Objection 1: It seems that artificially cloned human beings possess no soul. St. Thomas Aquinas says in his Commentary of Aristotle’s De Anima that the soul is, by definition, immaterial — “a thing is free from the restriction of matter and has a certain width and infinity.” The process of cloning is a biotechnological technique that produces an exact genetic copy of a cell or an organism. But in cloning a human being, only a human material body is produced. Therefore, the immaterial soul in a human being cannot be cloned or produced and a cloned human being would not have a soul.

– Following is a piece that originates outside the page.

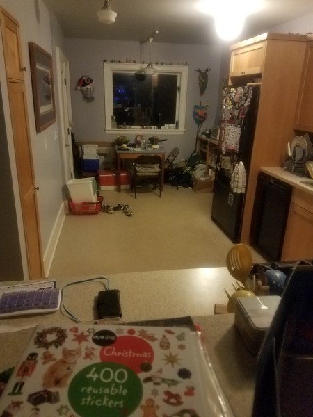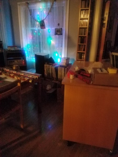 I figured it was time to start wrapping. Things to consider: 1) my back still hurts, but not as much, 2) there are several pieces to wrap, 3) the best flat surface at a good height for this work is in the kitchen, 4) I like to be entertained while I work, 5) the entertaining device is not very visible from the kitchen. Carl, the solver, notes the best flat surface is on wheels.
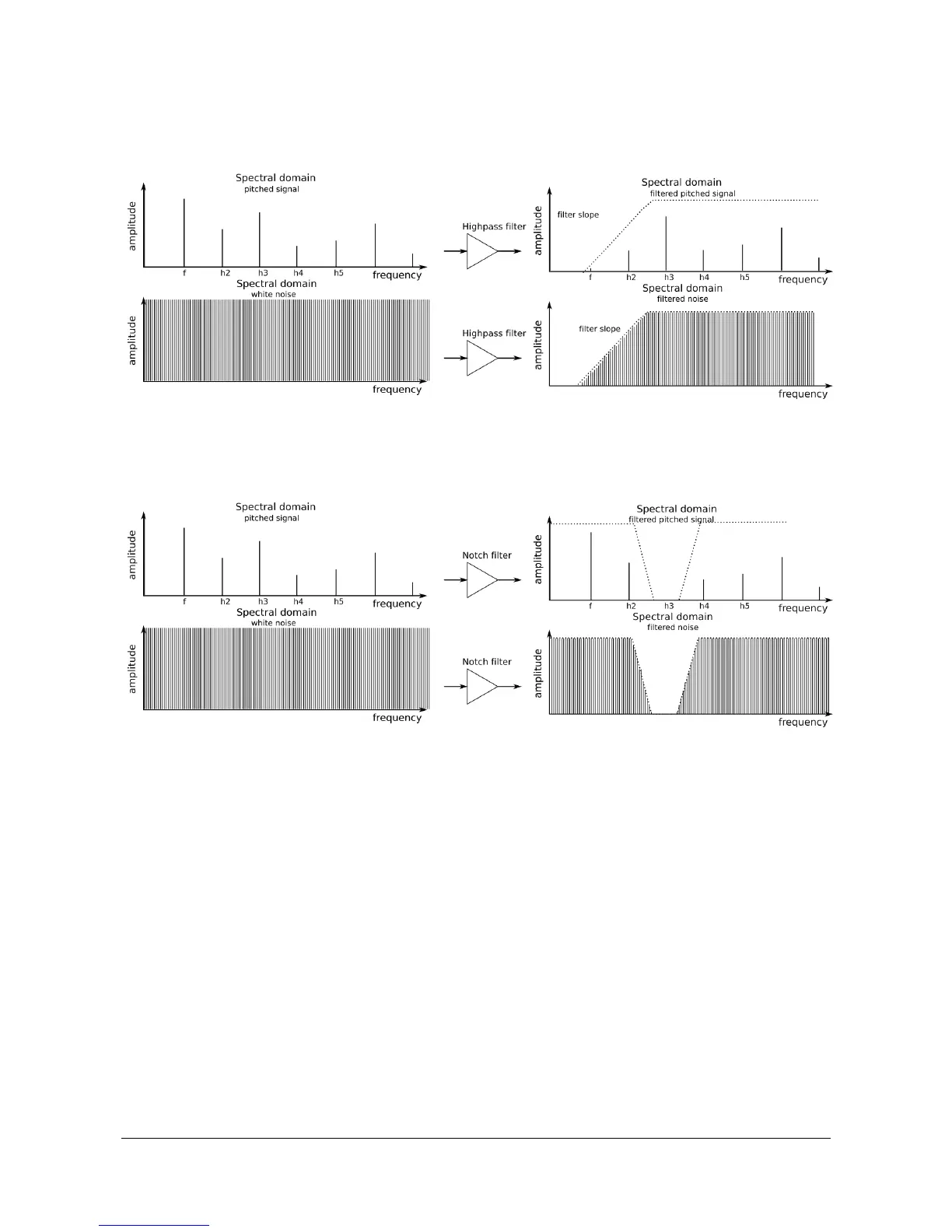 In high-pass mode, partials above the cutoff frequency remain unchanged, while

Objection 2: Further, the process of human cloning bypasses the sexual act and, unlike other assisted reproductive technologies (ARTs), it also bypasses the need for sexual gametes, egg and sperm. In fact, men are no longer needed at all — cloned cells and cloned organisms are created asexually. But according to the Christian theological view of Traducianism (sometimes called “Generationism”), initially developed by Tertullian and somewhat propagated by St. Augustine of Hippo, human beings derive both their bodies and souls from their parents through procreation. Therefore, artificially cloned human beings cannot possess a soul because there are no parents, no sexual act, and no procreation involved.

On the contrary, God said in the Book of Genesis, “Increase and multiply, and fill the earth, and subdue it, and rule over the fishes of the sea and the fowls of the air, and all living creatures that move upon the earth.” (Genesis 1:28)

I answer that, in the Commentary on Aristotle’s De Anima, Aquinas says, “By ‘soul’ we understand that by which a living thing is alive.” The soul, therefore, is considered as the principle of all life. A cloned human being — inasmuch as it is alive, that is, it shows signs of appetite, sentience and rationality — does indeed possess a soul that animates it, distinguishing the living clone from a mere inanimate corpse.

Photo by Gabriel Barletta on Unsplash

Reply to Objection 1: In religious doctrines, “ensoulment” is the moment at which a human being receives a soul. During the time of Aristotle, it was commonly accepted that the human soul would enter the forming body at the age of 40 days old (male embryos) or 90 days (female embryos). When there was a quickening in the child’s development then it was considered an indication of the presence of a soul. Christian doctrine believes that the soul enters the body at the moment of conception. Tertullian affirms this when he said: “the one who will be a man is one already,” (Apologeticum IX, 8) and was reaffirmed more recently by Pope Benedict XVI when he said; “there is no reason not to consider him [the child in the womb] a person from conception.”Although the process of cloning cannot produce an immaterial soul along with the material body, it is the external process of ensoulment that can provide a soul to a developing cloned body. Therefore a cloned human can have an immaterial soul not produced artificially but imbued by a divine being like God.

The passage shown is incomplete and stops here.